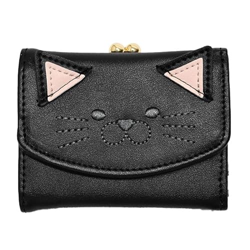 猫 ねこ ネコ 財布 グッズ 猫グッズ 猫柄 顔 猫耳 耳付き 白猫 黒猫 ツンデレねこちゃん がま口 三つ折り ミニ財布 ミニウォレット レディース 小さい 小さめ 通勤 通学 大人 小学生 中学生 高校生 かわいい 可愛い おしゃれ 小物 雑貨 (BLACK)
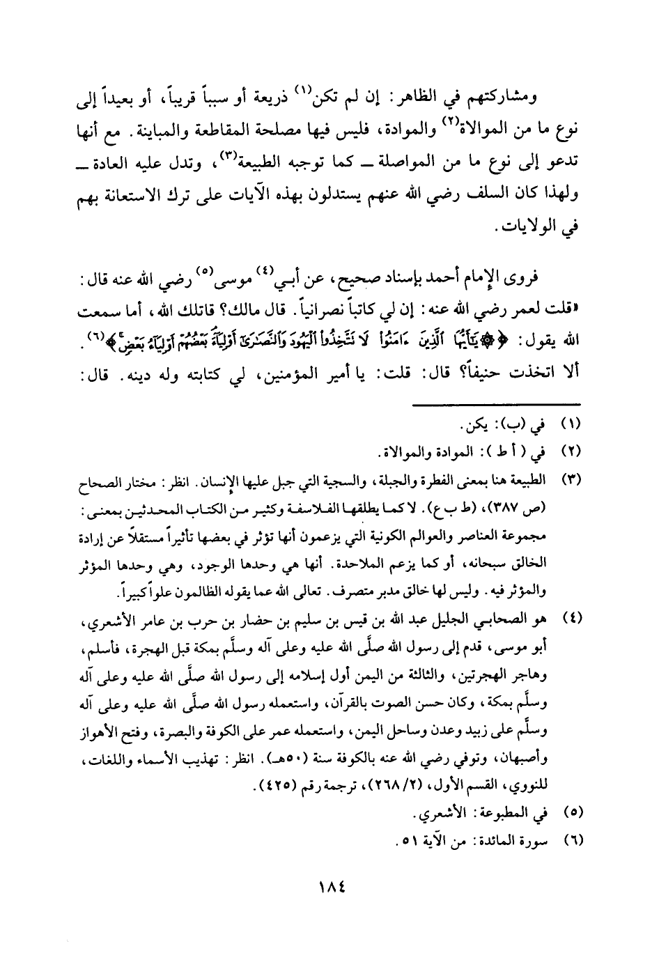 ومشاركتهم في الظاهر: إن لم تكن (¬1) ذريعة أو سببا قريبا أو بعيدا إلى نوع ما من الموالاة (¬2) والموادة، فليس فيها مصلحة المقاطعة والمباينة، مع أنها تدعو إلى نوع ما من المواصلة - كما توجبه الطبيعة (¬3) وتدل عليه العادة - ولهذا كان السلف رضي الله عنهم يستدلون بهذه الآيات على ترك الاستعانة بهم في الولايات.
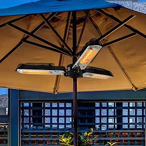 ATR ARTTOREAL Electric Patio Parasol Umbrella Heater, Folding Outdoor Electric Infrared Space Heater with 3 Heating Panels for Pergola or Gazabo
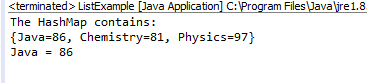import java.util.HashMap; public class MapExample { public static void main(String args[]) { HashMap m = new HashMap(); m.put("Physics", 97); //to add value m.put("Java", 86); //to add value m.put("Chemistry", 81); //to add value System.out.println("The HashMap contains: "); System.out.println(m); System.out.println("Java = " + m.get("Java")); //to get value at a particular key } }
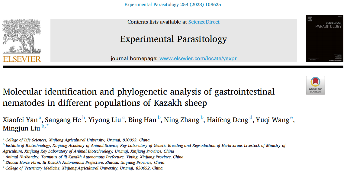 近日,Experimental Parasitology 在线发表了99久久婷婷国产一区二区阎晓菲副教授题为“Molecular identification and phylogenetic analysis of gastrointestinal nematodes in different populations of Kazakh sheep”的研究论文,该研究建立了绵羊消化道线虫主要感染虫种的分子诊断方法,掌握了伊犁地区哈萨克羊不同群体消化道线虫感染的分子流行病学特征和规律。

...

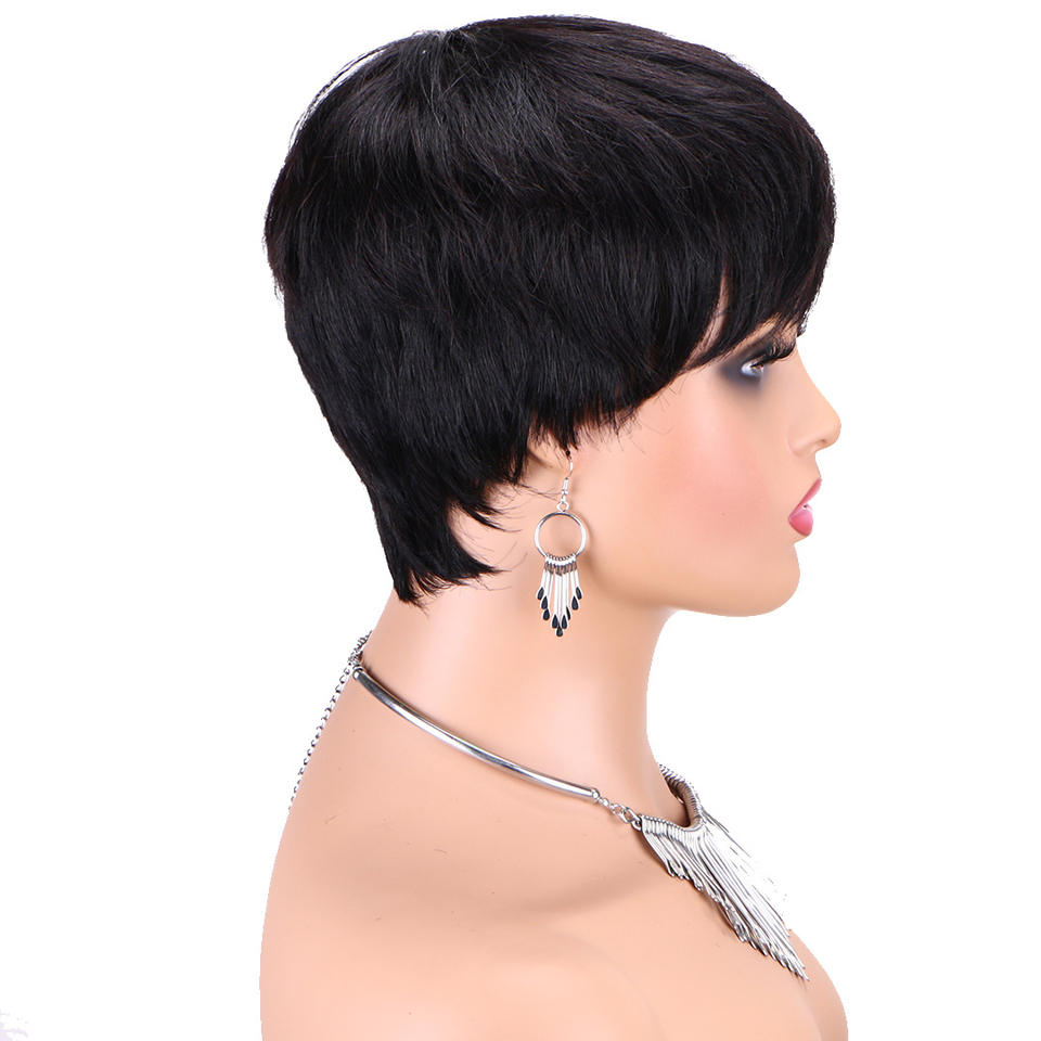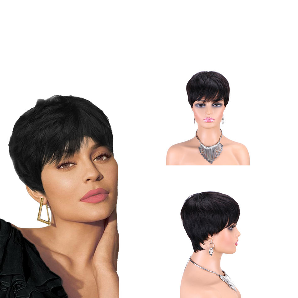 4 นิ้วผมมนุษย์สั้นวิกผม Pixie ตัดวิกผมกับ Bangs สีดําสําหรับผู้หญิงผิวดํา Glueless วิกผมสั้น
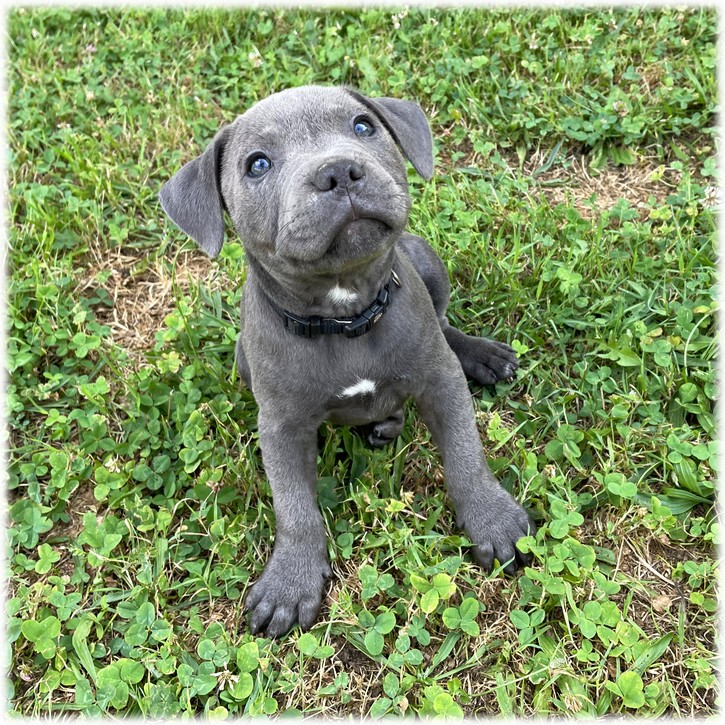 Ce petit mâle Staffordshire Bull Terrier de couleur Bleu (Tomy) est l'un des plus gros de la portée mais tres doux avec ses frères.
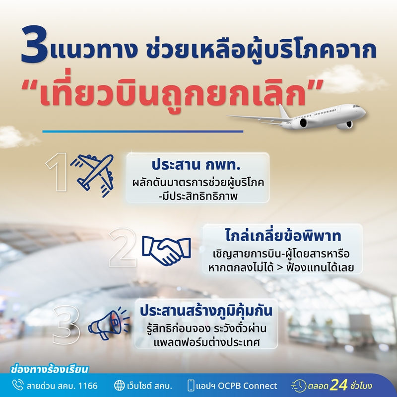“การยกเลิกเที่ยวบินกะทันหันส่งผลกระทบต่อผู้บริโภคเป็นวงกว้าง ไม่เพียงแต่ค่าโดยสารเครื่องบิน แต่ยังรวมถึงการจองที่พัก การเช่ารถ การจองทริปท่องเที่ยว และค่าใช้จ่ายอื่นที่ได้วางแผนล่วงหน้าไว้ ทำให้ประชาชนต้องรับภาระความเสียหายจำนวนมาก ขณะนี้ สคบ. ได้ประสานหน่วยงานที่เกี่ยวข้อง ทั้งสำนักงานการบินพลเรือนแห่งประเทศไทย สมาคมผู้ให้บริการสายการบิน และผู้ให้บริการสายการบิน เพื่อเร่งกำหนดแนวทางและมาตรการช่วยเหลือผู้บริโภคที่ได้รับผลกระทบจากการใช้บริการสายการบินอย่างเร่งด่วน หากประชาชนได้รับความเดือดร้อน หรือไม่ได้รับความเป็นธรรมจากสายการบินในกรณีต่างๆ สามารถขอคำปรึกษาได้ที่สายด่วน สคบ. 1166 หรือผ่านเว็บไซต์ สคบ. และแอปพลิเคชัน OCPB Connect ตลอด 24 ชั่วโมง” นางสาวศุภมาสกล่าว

- _WHAT TO WORK ON_
Could you transcribe exactly the entries above, but only the lines from the one with "4 นิ้วผมมนุษย์สั้นวิกผม Pixie" through the one with "Ce petit mâle", and without pictures?

- _EXPECTED ANSWER_
 4 นิ้วผมมนุษย์สั้นวิกผม Pixie ตัดวิกผมกับ Bangs สีดําสําหรับผู้หญิงผิวดํา Glueless วิกผมสั้น
 Ce petit mâle Staffordshire Bull Terrier de couleur Bleu (Tomy) est l'un des plus gros de la portée mais tres doux avec ses frères.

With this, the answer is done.